İklim Finansmanının TANIMI
İklim finansmanı, gelişmiş ekonomilerin karbon tarafsızlığını teşvik etmek için gelişmekte olan ekonomilerdeki sürdürülebilir kalkınma projelerine kısmen fon sağladığı veya yatırım yaptıkları bir finans kanalıdır.
İklim finansmanı, ABD gibi gelişmiş ekonomilerden varlıkların Hindistan gibi gelişmekte olan ekonomilerdeki karbon tarafsızlığını, sürdürülebilir kalkınmayı veya iklim değişikliğini azaltacak diğer uygulamaları teşvik eden projelere yapılandırılmış bir hareketidir. İklim finansmanı sivil toplum kuruluşları (STK'lar), bireysel hükümetler veya özel yatırımlar tarafından yönetilebilir ve bunlarla yönlendirilebilir.
İklim değişikliğine olası küresel tepkiler üzerindeki uluslararası tartışmalardan biri, temiz kalkınma projelerinin finansmanı konusu olmuştur. Hindistan ve Brezilya gibi gelişmekte olan ülkeler, iklimin ele alınmasının ekonomilerine orantısız bir şekilde yük olacağını savunuyorlar.

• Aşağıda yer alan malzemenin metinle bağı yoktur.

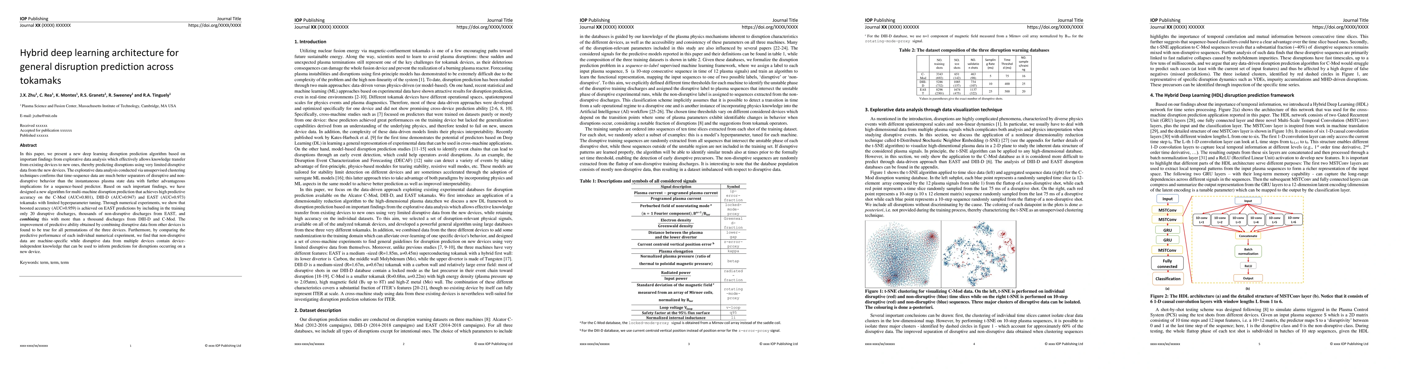 This paper introduces a hybrid deep learning architecture for predicting disruptions in tokamaks using limited data from new devices. The algorithm leverages unsupervised clustering and time-sequence data for high predictive accuracy across multiple tokamaks, demonstrating improved performance by combining data from different devices.

Gelişmiş ekonomilerin çoğu, iklim değişikliği riskleri ortaya çıkmadan önce sanayileşti, ancak iklim değişikliğini hafifletme stratejisi altında, gelişmekte olan ekonomiler, uygulanabilir enerji şebekeleri ve kitle altyapısı oluşturmak için kanıtlanmamış ve pahalı çözümlere güvenmek zorunda kalacaklardı. İklim finansmanı, gelişmiş ülkelerden yönlendirilen kredi veya diğer sermaye biçimleri biçiminde bu yükü hafifletir.

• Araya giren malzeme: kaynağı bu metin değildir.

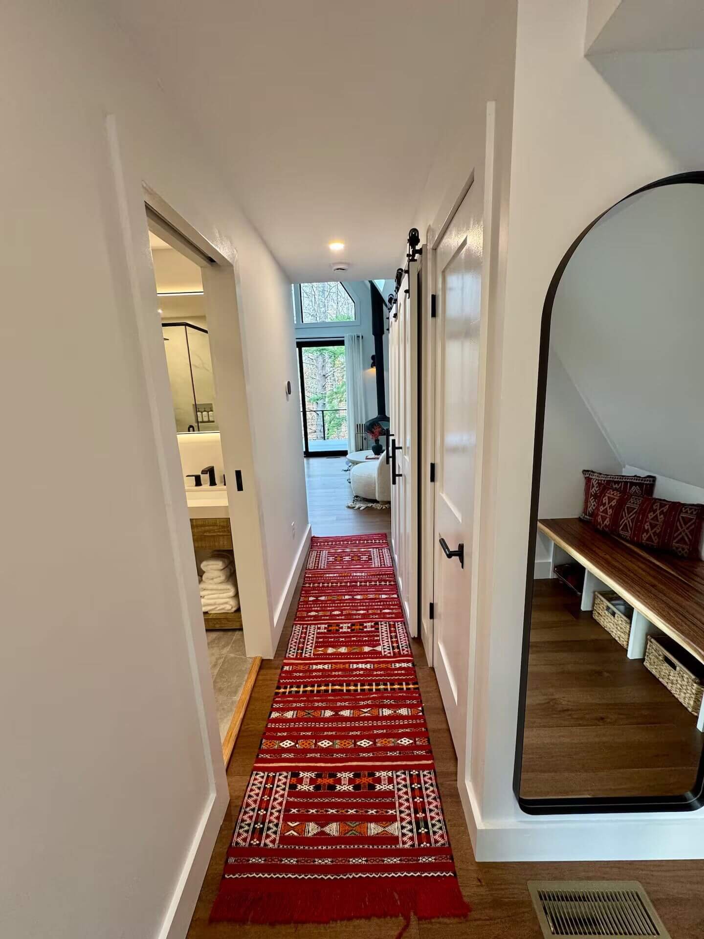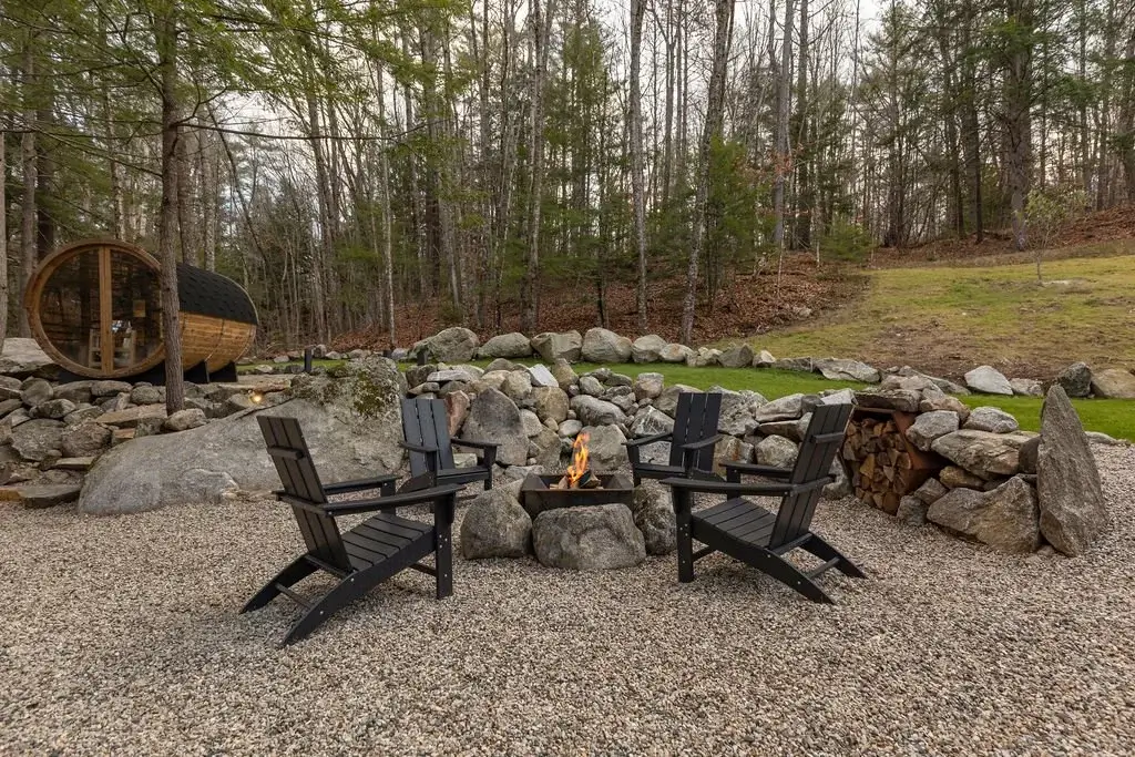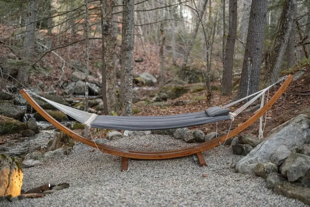 The outdoor spaces are just as inviting. Guests can enjoy the peaceful sounds of the nearby brook, spend time on the spacious deck, relax in the hammock, or gather around the fire pit under the stars.

AŞAĞI DAĞITMA İklim Finansmanı
Gelişmiş ekonomileri olan birçok ülke, gelişmekte olan ekonomiler üzerindeki iklim değişikliğini hafifletme stratejilerinin orantısız yükünü tanımakla birlikte, iklim finansmanı son derece tartışmalıdır. Birleşmiş Milletler İklim Değişikliği Çerçeve Sözleşmesi (UNFCCC) gibi uluslararası siyasi organlar, ülkeleri belirli mali taahhütlere bağlamaya çalıştığında, siyasi gridlock genellikle hem uluslararası hem de ulusal düzeyde ortaya çıkar. Örneğin ABD, Kongre tarafından onaylanmadıkça ülkeyi herhangi bir doğrudan eylemde bulunmaya zorlayan ve mevcut siyasi iklimde federal olarak yönlendirilen iklim finansmanını zorlaştıran bir antlaşma imzalayamaz.

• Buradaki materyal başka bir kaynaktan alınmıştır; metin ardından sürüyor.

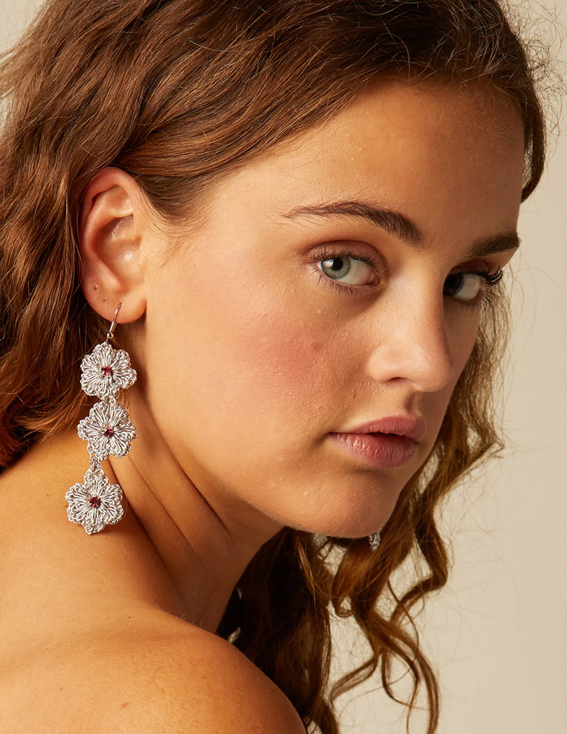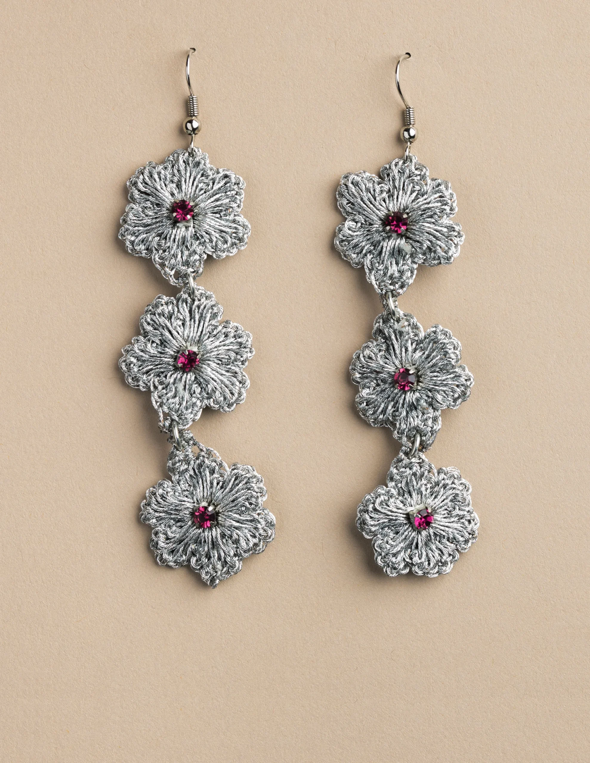 Nicoli Earrings<SILVER CROCHET EARRINGS Metalizados

Ne (ve Kim) Finanse Edilmelidir
Daha fazla tartışma, paranın nasıl harcanacağı konusundaki tartışmalarla gerçekleşir. "İklim finansmanı" adı altında hangi faaliyetlerin yapılacağı açık değildir. Örneğin, yenilenebilir enerjiye yapılan yatırımlar için açık bir şekilde uygulanabilir, ancak uzun vadede nüfus artışını (ve dolayısıyla karbon emisyonlarını) azaltabilen ancak acil etkileri (ve olası getirileri) çok daha az net olan çocuk eğitimi gibi yatırımlar için daha az geçerlidir..
Hangi ekonomilerin veya ulusların iklim finansmanı yoluyla fon sağlamayı hak ettikleri de açık değildir. Örneğin, Çin geniş ölçüde sanayileşmiştir ancak tutarlı gücü olmayan yüz milyonlarca vatandaşa sahiptir. Bu fonların ihtiyari kullanımı ile ilgili ilave tartışmalar ortaya çıkmaktadır. Bir STK veya bir yatırım bankası, bir ülkeye sürdürülebilir kalkınma için yatırımları yönlendirirse, paranın iyi harcanacağından emin olmak isteyeceklerdir, bu da bir dereceye kadar gözetime yol açabilir. Bu, yerel yönetimler (özellikle otokratik veya kleptokratik eğilimleri varsa) ve potansiyel yatırımcıları arasında gerginliğe yol açabilir.
2015 yılı sonunda ulaşılan Paris Anlaşması, iklim finansmanının akması için yeni siyasi kanallar açtı ve hem gelişmiş hem de gelişmekte olan daha fazla ülke iklim değişikliğini azaltma çabalarında ısrar ediyor. Konu hala sıcak tartışmalı olsa da, iklim finansmanı (ve tartışmaları) muhtemelen tüm uluslar için gelecekteki ekonomik politikanın dayanak noktası olacaktır.